**Collected material**
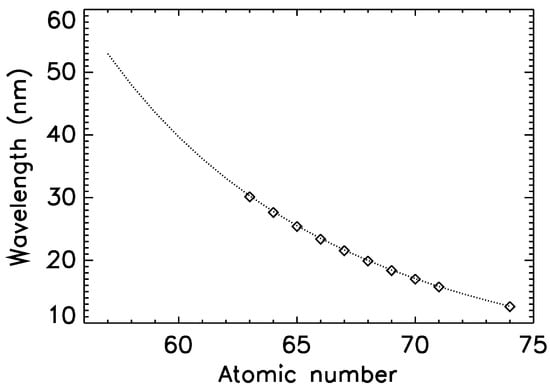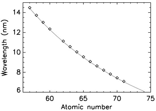 Similarly, the Z dependence of the transition wavelength for line c in Figure 1b is plotted in Figure 3. As is well known, this forbidden line corresponds to the M1 transition between the levels split by the spin–orbit interaction of the ground state configuration [Ar]3d4s4p. In general, the energy splitting due to the spin–orbit interaction rapidly increases with Z. For example, the Hamiltonian of the spin–orbit interaction for a hydrogen-like system is proportional to the fourth power of Z. Therefore, the wavelengths corresponding to this energy splitting are in the EUV range due to the large spin–orbit interaction for heavy ions. Again, the wavelengths measured in the LHD are indicated by diamonds, while a dotted line plots the calculated wavelength. Though the measured wavelengths for Z less than 63 are missing because of the limited wavelength range of the spectrometers used in this study, the calculated wavelength is given in the entire range of Z. We took the measured wavelength for tungsten (Z = 74) from our previous paper [2]. Though the wavelength of the M1 line for ytterbium (Z = 70) has also been reported recently in NIST EBIT [14], the M1 lines for the other elements (Z = 63–69 and 71) have been identified experimentally for the first time in this study. As shown in Figure 3, the experimental wavelengths of the M1 transition are in very good agreement with the calculated ones.
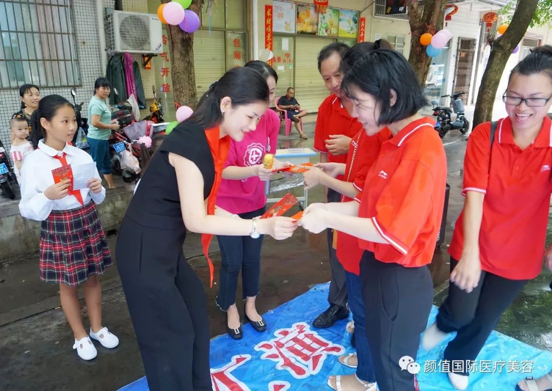 耀颜值医美副总经理何芬女士为学生们发放助学金,鼓励他们认真学习,勇敢地追逐梦想。
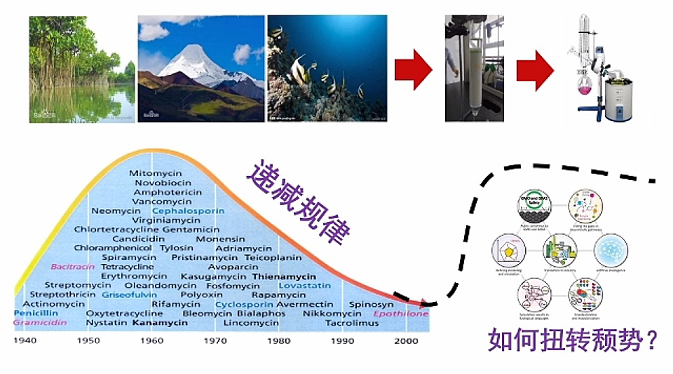 天然产物发展的过程:上世纪40年代,从青霉素的诞生开始进入高潮。上世纪六七十年代,大量的天然产物被发现。目前用的临床天然产物抗生素几乎都是在那个时候做出来的,只不过现在对这个产物的骨架进行了各式各样的修饰。但随着时间的延续,发现新的产物的速率逐年在降低,几乎没有新的抗生素在临床上出现。上一代最后一个抗生素是康舒达托霉素,大约是30多年前发现的,20多年前就进入临床。现在已经没有新的武器诞生了。

**How to complete this task**
Omit the pictures and give the material again, exactly and in full.

**Reply**
 Similarly, the Z dependence of the transition wavelength for line c in Figure 1b is plotted in Figure 3. As is well known, this forbidden line corresponds to the M1 transition between the levels split by the spin–orbit interaction of the ground state configuration [Ar]3d4s4p. In general, the energy splitting due to the spin–orbit interaction rapidly increases with Z. For example, the Hamiltonian of the spin–orbit interaction for a hydrogen-like system is proportional to the fourth power of Z. Therefore, the wavelengths corresponding to this energy splitting are in the EUV range due to the large spin–orbit interaction for heavy ions. Again, the wavelengths measured in the LHD are indicated by diamonds, while a dotted line plots the calculated wavelength. Though the measured wavelengths for Z less than 63 are missing because of the limited wavelength range of the spectrometers used in this study, the calculated wavelength is given in the entire range of Z. We took the measured wavelength for tungsten (Z = 74) from our previous paper [2]. Though the wavelength of the M1 line for ytterbium (Z = 70) has also been reported recently in NIST EBIT [14], the M1 lines for the other elements (Z = 63–69 and 71) have been identified experimentally for the first time in this study. As shown in Figure 3, the experimental wavelengths of the M1 transition are in very good agreement with the calculated ones.
 耀颜值医美副总经理何芬女士为学生们发放助学金,鼓励他们认真学习,勇敢地追逐梦想。
 天然产物发展的过程:上世纪40年代,从青霉素的诞生开始进入高潮。上世纪六七十年代,大量的天然产物被发现。目前用的临床天然产物抗生素几乎都是在那个时候做出来的,只不过现在对这个产物的骨架进行了各式各样的修饰。但随着时间的延续,发现新的产物的速率逐年在降低,几乎没有新的抗生素在临床上出现。上一代最后一个抗生素是康舒达托霉素,大约是30多年前发现的,20多年前就进入临床。现在已经没有新的武器诞生了。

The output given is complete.